URI = "./milvus_example.db"

vector_store = Milvus(
    embedding_function=embeddings,
    connection_args={"uri": URI},
)

Having instantiated our vector store, we can now index the documents.

In [7]:
ids = vector_store.add_documents(documents=all_splits)

Note that most vector store implementations will allow you to connect to an existing vector store--  e.g., by providing a client, index name, or other information. See the documentation for a specific [integration](/docs/integrations/vectorstores) for more detail.

Once we've instantiated a `VectorStore` that contains documents, we can query it. [VectorStore](https://python.langchain.com/api_reference/core/vectorstores/langchain_core.vectorstores.base.VectorStore.html) includes methods for querying:
- Synchronously and asynchronously;
- By string query and by vector;
- With and without returning similarity scores;
- By similarity and [maximum marginal relevance](https://python.langchain.com/api_reference/core/vectorstores/langchain_core.vectorstores.base.VectorStore.html#langchain_core.vectorstores.base.VectorStore.max_marginal_relevance_search) (to balance similarity with query to diversity in retrieved results).

The methods will generally include a list of [Document](https://python.langchain.com/api_reference/core/documents/langchain_core.documents.base.Document.html#langchain_core.documents.base.Document) objects in their outputs.

### Usage

Embeddings typically represent text as a "dense" vector such that texts with similar meanings are geometrically close. This lets us retrieve relevant information just by passing in a question, without knowledge of any specific key-terms used in the document.

Return documents based on similarity to a string query:

In [8]:
results = vector_store.similarity_search(
    "How many distribution centers does Nike have in the US?"
)

print(results[0])

page_content='direct to consumer operations sell products through the following number of retail stores in the United States:
U.S. RETAIL STORES NUMBER
NIKE Brand factory stores 213 
NIKE Brand in-line stores (including employee-only stores) 74 
Converse stores (including factory stores) 82 
TOTAL 369 
In the United States, NIKE has eight significant distribution centers. Refer to Item 2. Properties for further information.
2023 FORM 10-K 2' metadata={'page': 4, 'source': '../example_data/nke-10k-2023.pdf', 'start_index': 3125}


Async query:

In [9]:
results = await vector_store.asimilarity_search("When was Nike incorporated?")

print(results[0])

page_content='Table of Contents
PART I
ITEM 1. BUSINESS
GENERAL
NIKE, Inc. was incorporated in 1967 under the laws of the State of Oregon.
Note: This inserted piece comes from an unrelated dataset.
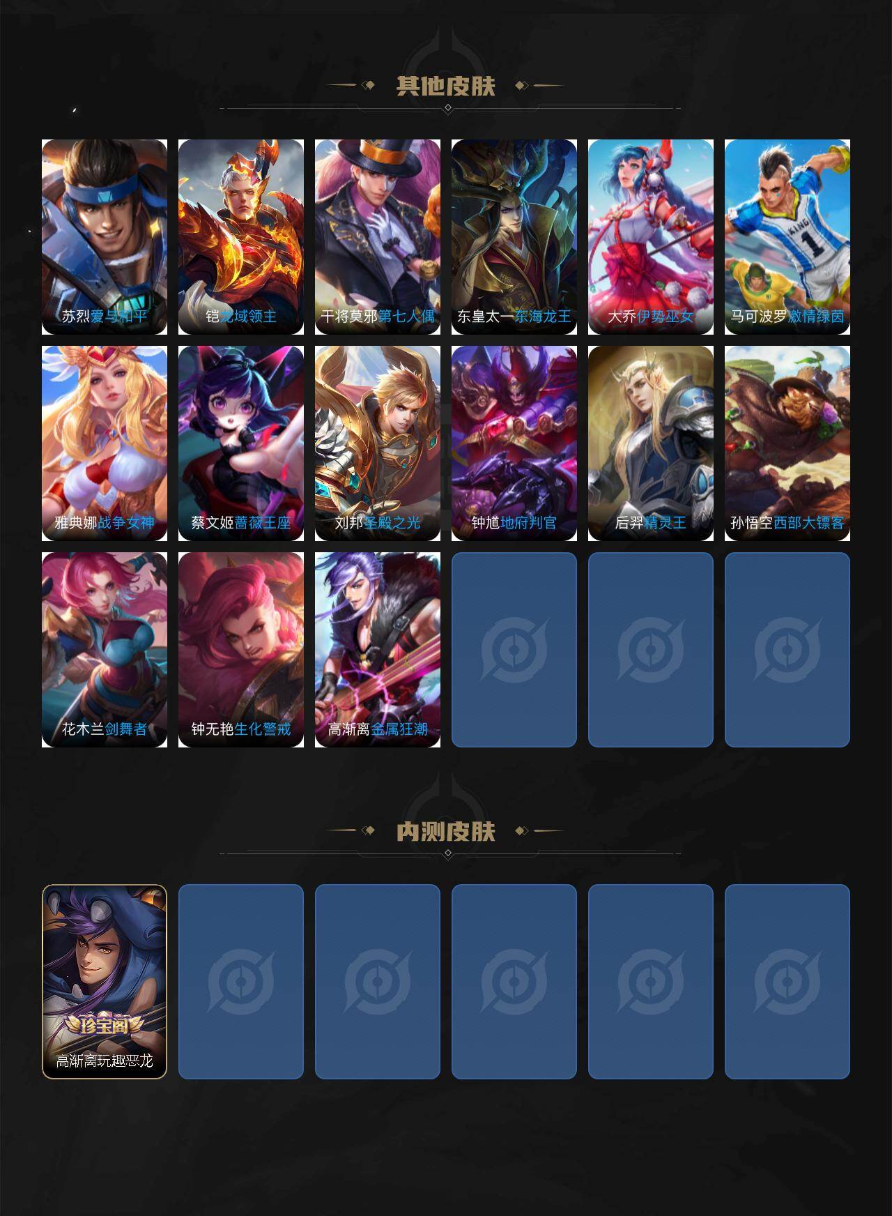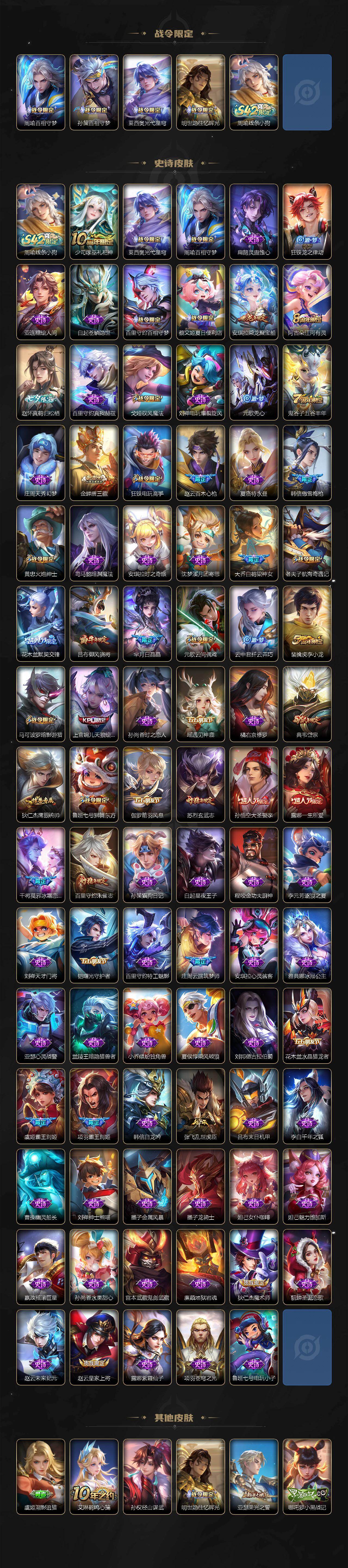 【传说皮肤】:司空震愿照山河定,女娲愿照千秋盛,妲己愿照众生和,澜愿照九州拓,虞姬愿照岁时盈,桑启鸣野蒿,云缨鹤归松栖,东皇太一灼幽烈阳,夏洛特浮生妄,吕布怒海麟威,李白诗剑行,不知火舞绯月行,百里守

As used in this Annual Report on Form 10-K (this "Annual Report"), the terms "we," "us," "our,"
"NIKE" and the "Company" refer to NIKE, Inc. and its predecessors, subsidiaries and affiliates, collectively, unless the context indicates otherwise.
Our principal business activity is the design, development and worldwide marketing and selling of athletic footwear, apparel, equipment, accessories and services. NIKE is
the largest seller of athletic footwear and apparel in the world. We sell our products through NIKE Direct operations, which are comprised of both NIKE-owned retail stores
and sales through our digital platforms (also referred to as "NIKE Brand Digital"), to retail accounts and to a mix of independent distributors, licensees and sales' metadata={'page': 3, 'source': '../example_data/nke-10k-2023.pdf', 'start_index': 0}


Return scores:

In [11]:
# Note that providers implement different scores; the score here
# is a distance metric that varies inversely with similarity.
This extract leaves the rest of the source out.